Information shown>
-----
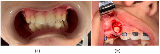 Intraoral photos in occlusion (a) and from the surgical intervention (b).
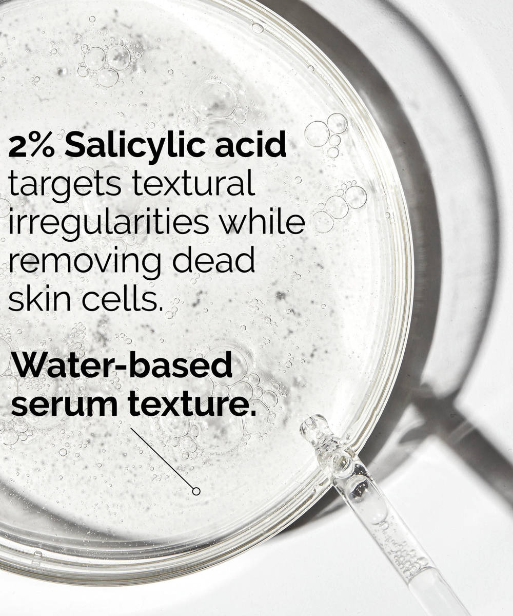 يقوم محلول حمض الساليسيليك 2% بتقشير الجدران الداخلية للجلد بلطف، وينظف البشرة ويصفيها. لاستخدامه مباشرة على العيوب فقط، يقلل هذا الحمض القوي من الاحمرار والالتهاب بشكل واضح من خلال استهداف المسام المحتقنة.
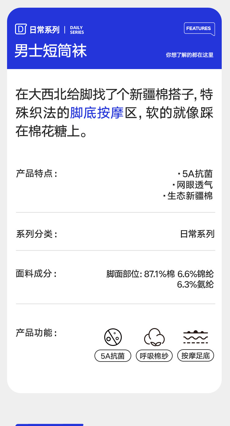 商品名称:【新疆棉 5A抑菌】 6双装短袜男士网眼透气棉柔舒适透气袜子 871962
-----
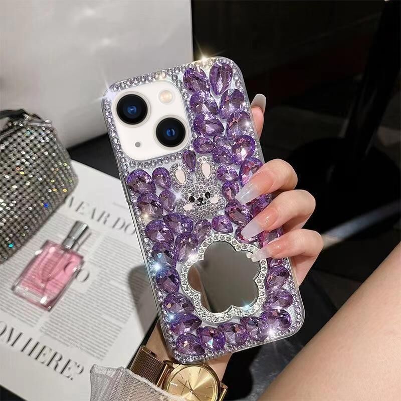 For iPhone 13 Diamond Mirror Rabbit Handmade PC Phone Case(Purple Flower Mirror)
-----
Problem statement> Starting at the line above with "يقوم محلول حمض", output every line exactly up to and including the line with "商品名称:【新疆棉 5A抑菌】 6双装短袜男士网眼透气棉柔舒适透气袜子 871962", but none of the pictures.

Finished exercise>
 يقوم محلول حمض الساليسيليك 2% بتقشير الجدران الداخلية للجلد بلطف، وينظف البشرة ويصفيها. لاستخدامه مباشرة على العيوب فقط، يقلل هذا الحمض القوي من الاحمرار والالتهاب بشكل واضح من خلال استهداف المسام المحتقنة.
 商品名称:【新疆棉 5A抑菌】 6双装短袜男士网眼透气棉柔舒适透气袜子 871962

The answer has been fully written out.